Through the Immigration Act of 1907 and other acts passed before and after it, the people of the United States were able to partially control who was allowed into the country and who was granted the privilege of citizenship. These requirements often changed but for the most part stuck to Western Europeans who would serve as a benefit to society. While America was not able to maintain its idea of the supreme American white race, these immigration acts were able to prolong diversity and temporarily maintain a large Western European majority. These laws also led to the problem of illegal immigration which was unforeseen by the government and the people. By restricting immigration to certain people the government opened the doors for those who were willing to do and pay anything to get into the country. This problem was one that would start in the 1800s and continue until present day changing according to the selected excluded group and increasing and decreasing according to financial times.
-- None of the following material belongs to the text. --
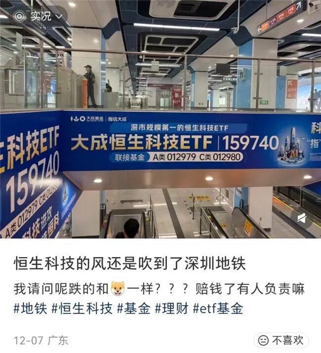 近日,有网友在社交平台晒图,深圳地铁某站内出现大成恒生科技ETF基金的宣传广告。图片中,深圳某地铁站扶梯上方横梁处及侧面印着大成基金的广告,上面醒目地写着大成基金恒生科技ETF在场内和场外交易的代码,并在广告上方部分标注着“深市规模第一的恒生科技ETF”字样。

Refrences Cott, Nancy F. Marriage and Women's citizenship in the United States, 1830-1934. The American Histrocial Review. Vol. 103. No. 5. P. 1440-1474. 1998

An Act To Regulate the Immigration of Aliens into the United States'Italic text, 1907. American Society of International Law. The American Journal of International Law, Vol. 1, No. 2.

Ward, Robert DeC. The New Immigration Act. Univeristy of Norther Iowa. The North American Review , Vol. 185, No. 619 p 587-593.

Longmore, Paul K, Umansky, LAuri. The New Disability History, American Perspectives. New York Univeristy press.